Darüber hinaus werden Werbeanzeigen nicht ausschließlich aufgrund unserer demographischen Merkmale oder der ermittelten Verhaltens- und Interessenprofile angezeigt. Auch der über die IP-Adresse ermittelte Standort kann ein Faktor unter vielen für die ausgespielten Werbeanzeigen sein.

Datenschutzrechtliche Perspektive

Klar ist: Personalisierte Werbung bzw. die dafür erforderliche Datenverarbeitung darf nur mit ausdrücklicher Einwilligung der Betroffenen stattfinden – ansonsten ist diese rechtswidrig (wir berichteten). Weil Meta jahrelang keine wirksamen Einwilligungen eingeholt hat, wird nach einer Entscheidung der irischen Datenschutzbehörde nun eine Strafzahlung in Höhe von 390 Millionen € fällig.
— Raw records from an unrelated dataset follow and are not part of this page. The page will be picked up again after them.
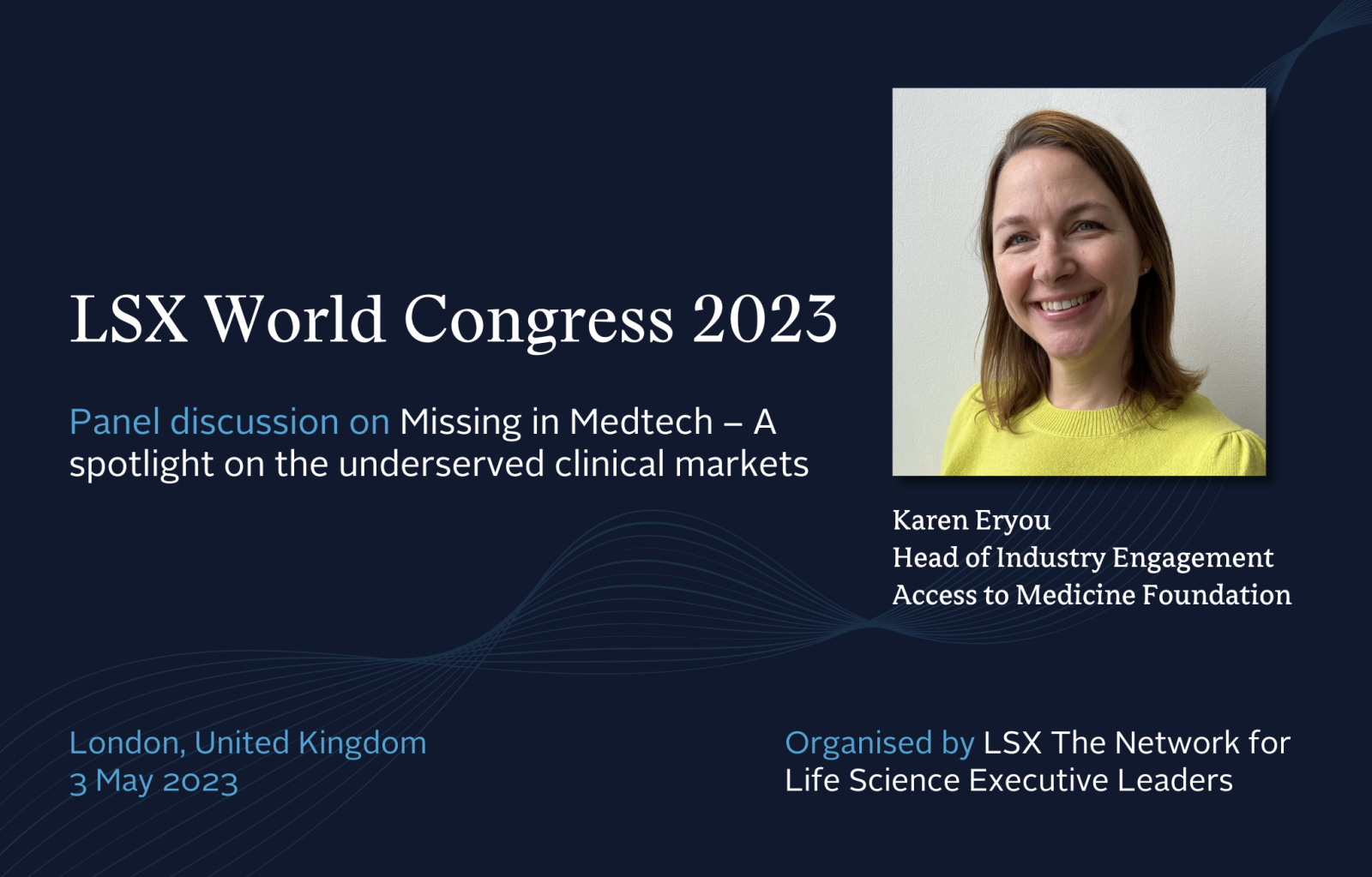 As part of this year’s Congress, Karen Eryou, Head of Industry Engagement at the Foundation, is a key speaker on a panel titled “Missing in Medtech – A spotlight on the underserved clinical markets”, which will focus on innovation in areas of unmet clinical need. Drawing on the Foundation’s work, including the 2022 Access to Medicine Index, Karen will engage with her fellow panelists on how to address access to healthcare in low- and middle-income countries.
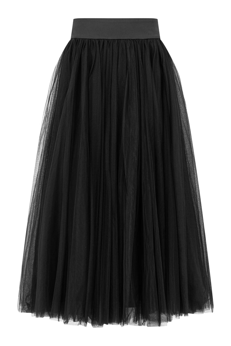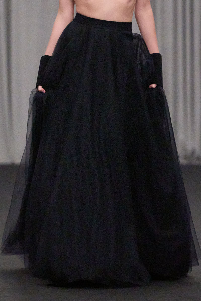 - Elegant A-line long skirt crafted in lightweight tulle for soft volume and fluid movement
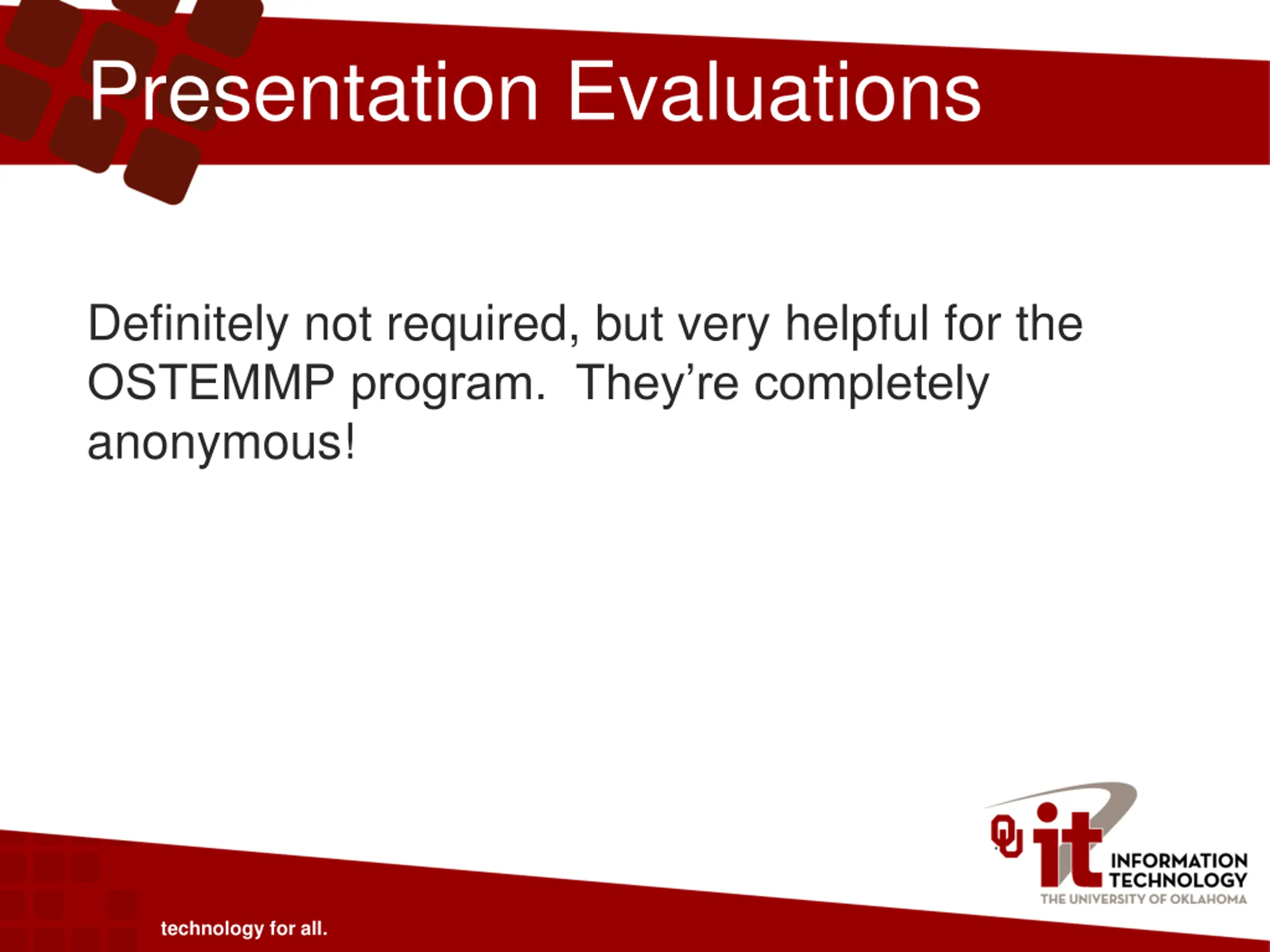 Presentation Evaluations Definitely not required, but very helpful for the OSTEMMP program. They re completely anonymous! technology for all.
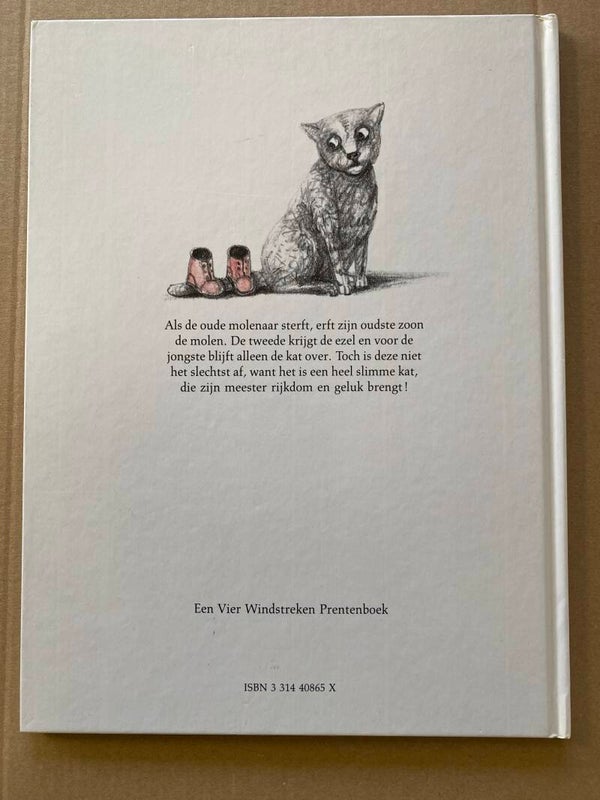 Als de oude molenaar sterft, erft zijn oudste zoon de molen. De tweede krijgt de ezel de derde de kat. Het is een hele slimme kat die zijn meester rijkdom en geluk brengt.
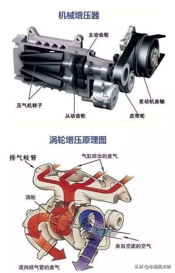 众所周知,现在很多车型为了提高发动机工作效率以及燃油经济性发动机都装有涡轮增压系统,主要作用是提高进入发动机气体的压缩比,其增压器主流的形式分两种一种是废气涡轮,一种是机械增压。还有一种电子涡轮这种在此不做赘述。
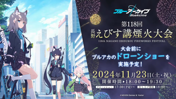 오는 11월 23일에 개최되는 나가노 에비스코 불꽃축제에서 ‘블루 아카이브’의 드론쇼가 진행되며, 출시 4주년을 맞아 개최도는 대규모 행사인 ‘블루아카 페스! 포에버 챌린지’가 내년 1월 17일부터 3일간 개최된다.
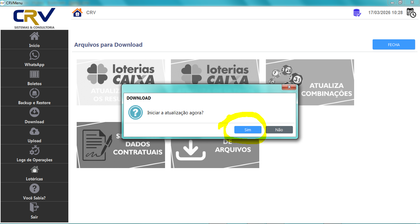 Para atualizar os resultados do seu sistema CRV, acesse:
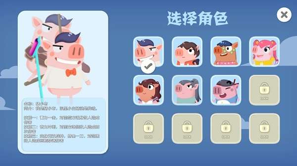 游戏里可供玩家挑选的角色总共有八位,他们分别是猪貂蝉、猪小布、猪小贤、猪一菲、猪益达、猪大力、猪咖喱和猪关谷。而关于这些角色的激活途径,估计会采用游戏币兑换和充值氪金相结合的双重模式。

Deterministisches Cross-Device Tracking als klassische Verhaltensanalyse mit dem Ziel des Ausspielens personalisierter Werbung unterliegt also zweifellos dem Einwilligungserfordernis.

Bei den über probabilistische Methoden ausgewerteten Datenarten handelt es sich teilweise um Informationen, die standardmäßig beim Besuch einer Website verarbeitet werden, um diese überhaupt technisch zur Verfügung stellen zu können, die Sicherheit zu gewährleisten oder anonyme statistische Auswertungen durchzuführen – alle diese Zwecke erfordern keine Einwilligung, sondern liegen (zumindest bei entsprechender Ausgestaltung der Datenverarbeitung) im berechtigten Interesse des Website-Betreibers. Natürlich dürfen die Daten aber ohne Einwilligung nur für die ursprünglichen Erhebungszwecke verwendet und nicht mit dem Ziel der personalisierten Werbung weiterverarbeitet werden. Sobald zusätzlich Marketingzwecke verfolgt oder die Daten zur Profilerstellung genutzt werden, ist auch hier eine Einwilligung notwendig.

Genauso verhält es sich letztendlich auch mit der Ultraschall-Technologie. Unabhängig davon, wie Werbetreibende an Daten gelangen und wie undurchsichtig die Methoden sein mögen: Die Verarbeitung personenbezogener Daten zu Werbezwecken erfordert immer eine Einwilligung.

Ein Selbsttest muss her

Nach dem genannten Tweet war mein datenschutzrechtliches Interesse geweckt. Werden wir auch in Europa so vollumfänglich getrackt wie es offenbar in den USA der Fall ist? Oder schützt uns die DSGVO hier zumindest teilweise? Und ist das Auftauchen von Werbung für Produkte direkt nachdem wir über diese gesprochen oder an diese gedacht haben, nicht auch manchmal nur eine Frequenzillusion?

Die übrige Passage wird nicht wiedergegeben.